Hope this helps for the color question, best regards Ottmar

ogobrecht commented 5 years ago

Hi Ignacius,

regarding the force runtime:

I have played around a little bit with the simulation parameters. At the end I think your idea with the time limit is the best approach. I will implement something like forceTimeLimit in milliseconds. Maybe there are some other options - I will think about and come back to you at least with the time limit API option.

Thank you for your idea :-)

Best regards Ottmar

Ignacius68 commented 5 years ago

Hi Ottmar,

Back to the images, and also having background color. I've come up with 2 ideas that I'd like to run by you. Please let me know if you'd like me to do a more detailed writeup as a different issue.

Idea 1: Add a background color to the img or pattern tag, whichever works, that would allow the color legend to be applied and show through with images that have transparent background.

pro: flexibility, and images tie in with the color legend, allowing a 2-tier organized presentation con: requires specific image properties, namely the transparent background

Idea 2: Use the stroke property of the node object to show the color around the image. When highlighting a node, then, reduce the stroke size to show the highlighting.

pro: still organizes based on the color legend con 1: may require additional logic, and the reduced stroke size might not provide the same user-accessible visual highlighting con 2: likely also requires additional parameters and logic to "center" the image within the stroke area, and the developer of the graph would have to manage image size and centering parameters

I think you may intuit that I favor Idea 1, if it's at all possible. Perhaps, though, with your familiarity with this code base, you can think of something merging or "in between" the two options?

I eagerly anticipate your thoughts on the matter.
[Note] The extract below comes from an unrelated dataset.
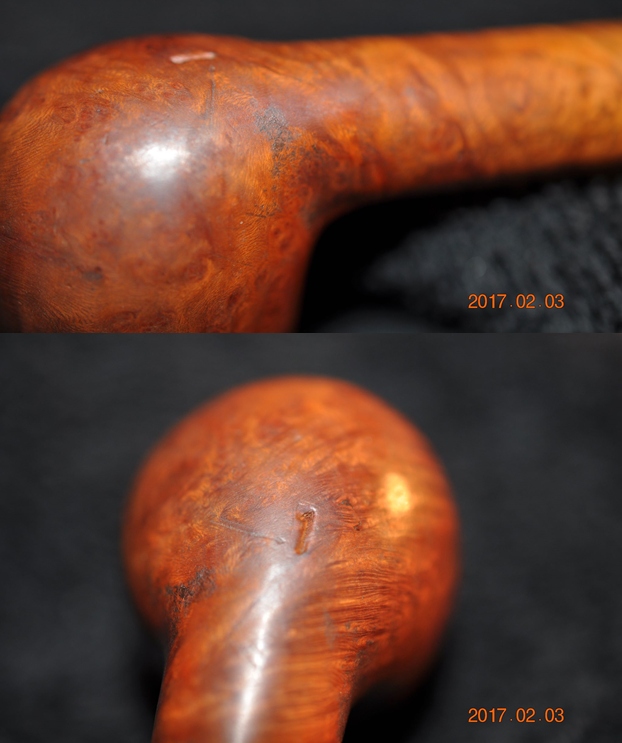 I took a photo of the stamping on the shank to show the condition. The “MALAGA” stamp is clear and readable but the IMPORTED BRIAR stamp is faint but still readable.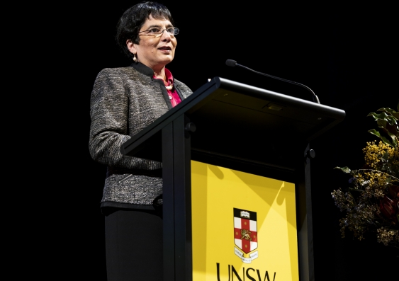 Dr Marlene Kanga AO addresses the audience after being presented with the Ada Lovelace Medal at the recent UNSW Women in Engineering Awards. Photo: UNSW/Ken Leanfore.

Your faithful beta tester, Ignacius :)

ogobrecht commented 5 years ago

Hi Ignacius,

I have tested to add the background color to the pattern - it works. Good idea!

I need some more time to polish the things and try alternative ways... You will hear from me...

Best regards Ottmar

Ignacius68 commented 5 years ago

Brilliant!! You're a god! :)

I look forward to it.

Best, Ig

ogobrecht commented 5 years ago

Hi Ignacius,

please have a look at branch v3.1 - there you can find the latest plugin. I wait for your response before I publish the final new version. Hope, you find no new issues ;-)

Best regards Ottmar

Ignacius68 commented 5 years ago

Hi Ottmar!

I have been testing, and I can find no bugs. My apologies for the delay, I've also been looking into adding short labels to the links, which I have written as a separate issue.

In the near future, I'll be posting a short clip of what you've helped me accomplish. :)

Ignacius68 commented 5 years ago

Hi again,

I think I have stumbled on an issue. The zoom and center on force end is frequently not operating on hidden graphs. It took me a while to notice, and then to eliminate whether I was unintentionally interrupting the centering.

I don't think anything I've done is causing that, and it does center sometimes, but not always. I'm uncertain why it would be intermittent.

ogobrecht commented 5 years ago

Hi Ignacius,

sorry for my late answer. I need some time to have a look at your mentioned issue with the centering of the graph. Also for the link labels - let me see, what I can do for you.

I am really interested to see what you are doing with my plugin :-)

You will hear from me the next days.